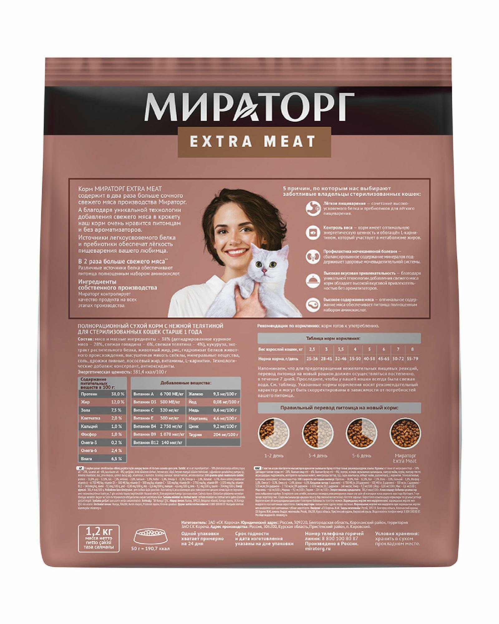 Корм Мираторг Extra Meat для стерилизованных кошек, с телятиной, 1.2 кг
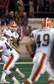 Cleveland Browns rookie quarterback Tim Couch (2) throws to tight end Mike Campbell (49) during the Browns' first game in three years. (AP Photo).
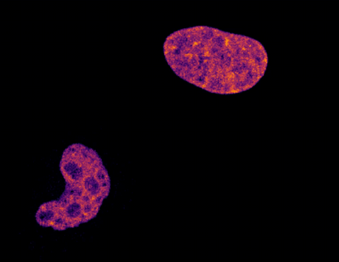 Two cells over a 2-hour period. The one on the bottom left goes through programmed cell death, also known as apoptosis. The one on the top right goes through cell division, also called mitosis. This video was captured using a confocal microscope.
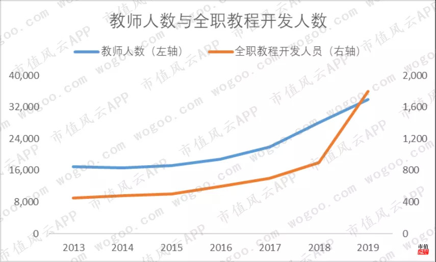 而同期,公司教师人数从2013财年的1.7万人增至2019财年的3.4万人,CAGR 12%。这一增速并不高,如果班级规模没有变大,是不是意味着平均每位教师的课程量提高了?
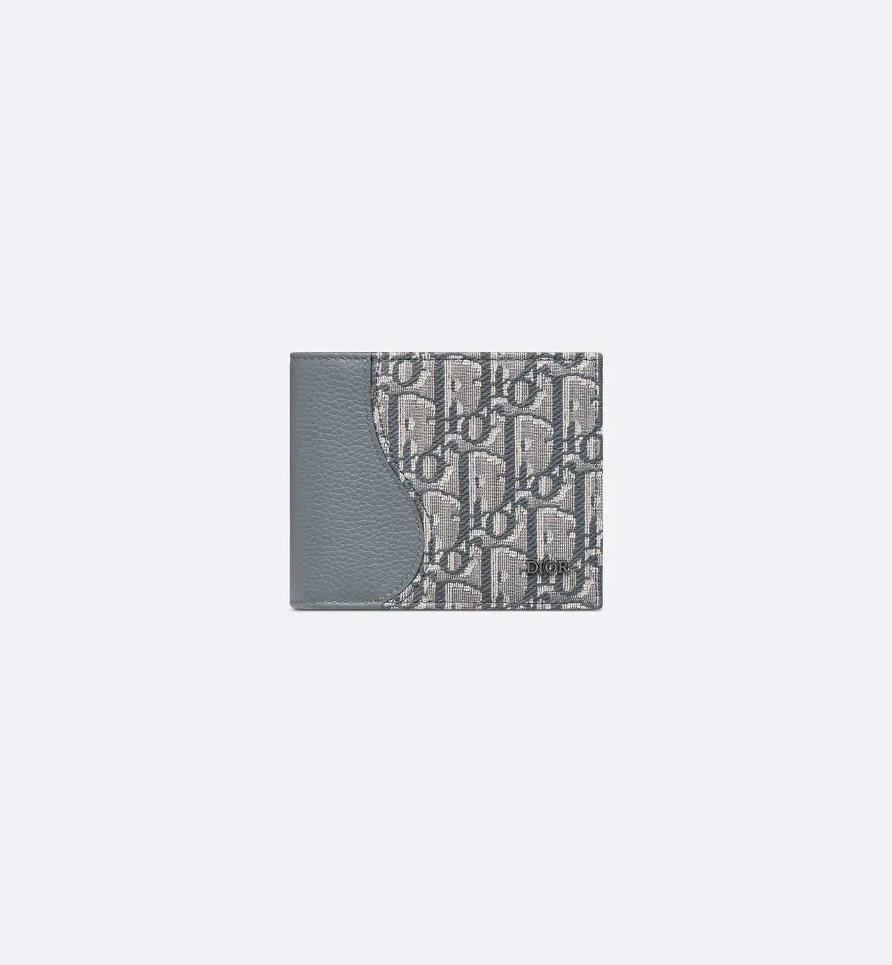 Saddle Bifold Card Holder Deep Gray Grained Calfskin Marquetry With Deep Gray Dior Oblique Jacquard
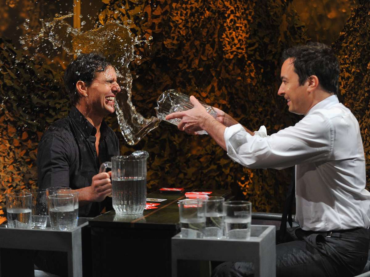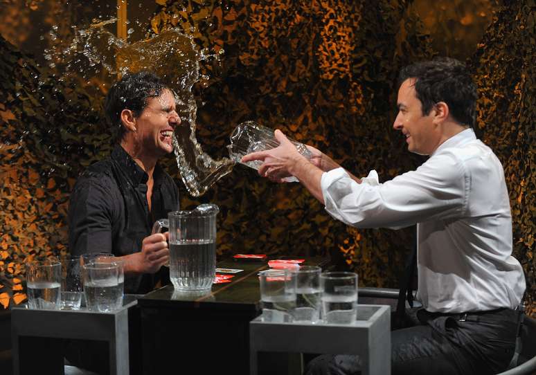 O apresentador Jimmy Fallon jogou um copo d'água na cara de Tom Cruise durante edição do Late Night With Jimmy Fallon. Tudo não passava de uma brincadeira com cartas em que o vencedor tem direito de despejar o líquido no oponente. As informações são do E! Online.
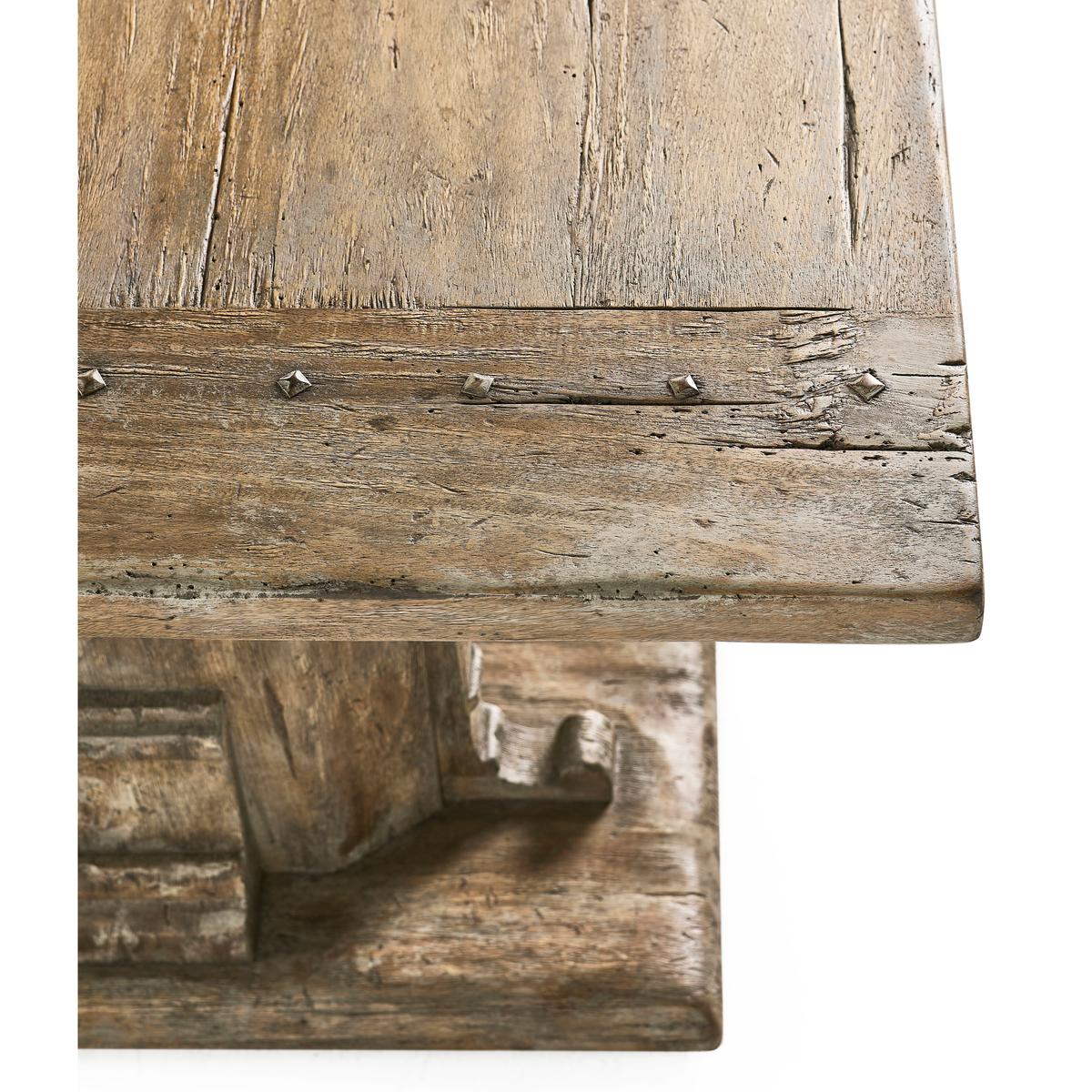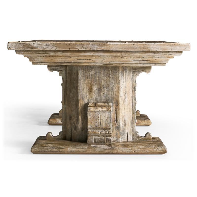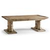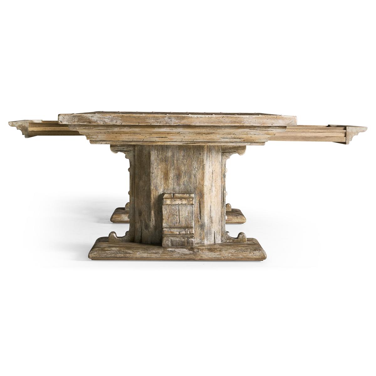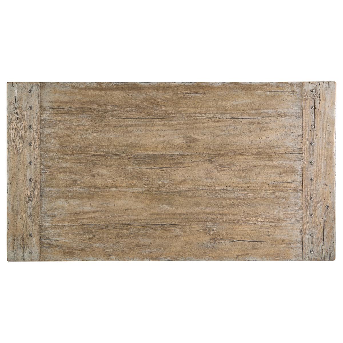 The Caldera Cocktail Table embodies timeless sophistication with its Spanish-style silhouette and expert craftsmanship. Crafted from greyed oak wood, it exudes a subtle, rustic charm accentuated by artful painted accents, adding an antique-inspired flair. The table's substantial pedestal legs and beautifully detailed edges showcase its refined elegance, while the rich textures of the oak create an inviting visual appeal. Two hidden center drawers with soft-close mechanisms offer discreet storage, enhancing the table's functionality without compromising its seamless design. Perfectly suited for both refined entertaining and everyday use, the Caldera Cocktail Table harmoniously blends heritage style with modern convenience, making it a captivating centerpiece in any living space.
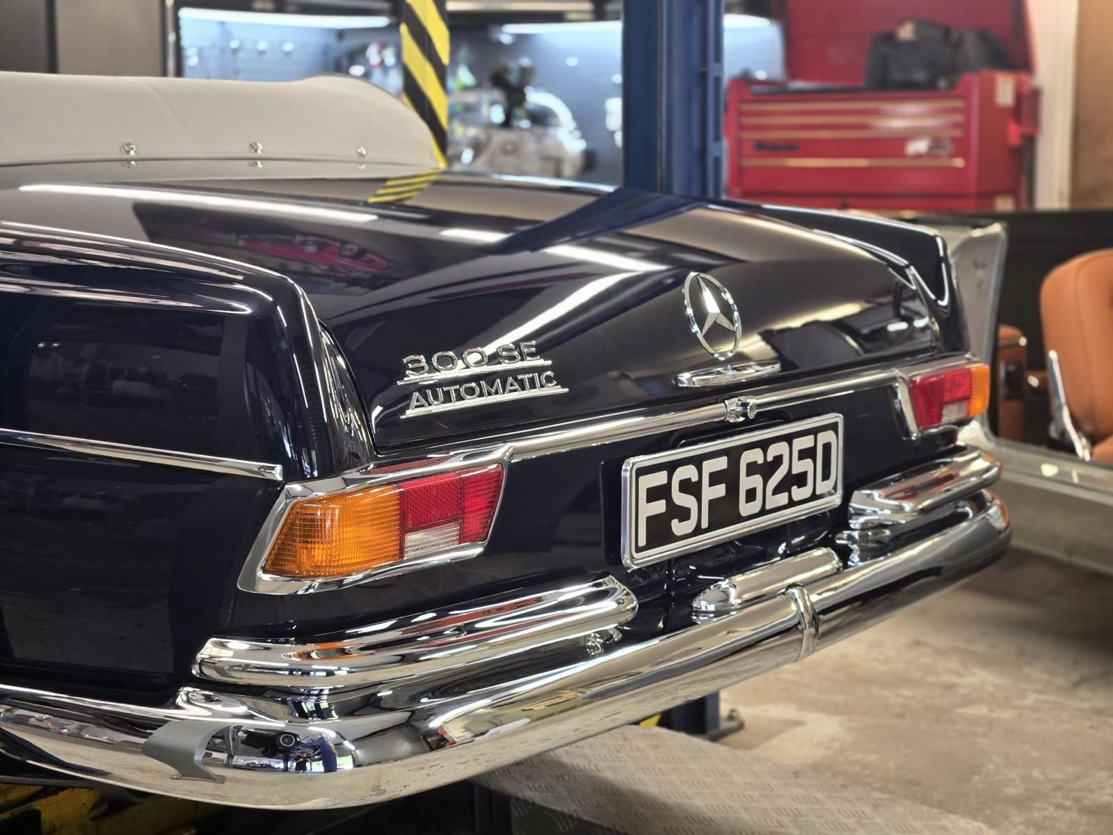 Two elegant classic Mercedes to focus on for this post – after re-fitting exterior and interior trim, the imposing dark blue 300SE just needs to be reunited with it’s newly-rebuilt engine before it can be returned to it’s owner – it looks amazing, even if we say it ourselves.

Exercise aim> Reproduce, word for word, only the lines in the records above from the line with "而同期,公司教师人数从201" through the line with "O apresentador Jimmy", including both ends; omit the pictures.

Answer to this task>
 而同期,公司教师人数从2013财年的1.7万人增至2019财年的3.4万人,CAGR 12%。这一增速并不高,如果班级规模没有变大,是不是意味着平均每位教师的课程量提高了?
 Saddle Bifold Card Holder Deep Gray Grained Calfskin Marquetry With Deep Gray Dior Oblique Jacquard
 O apresentador Jimmy Fallon jogou um copo d'água na cara de Tom Cruise durante edição do Late Night With Jimmy Fallon. Tudo não passava de uma brincadeira com cartas em que o vencedor tem direito de despejar o líquido no oponente. As informações são do E! Online.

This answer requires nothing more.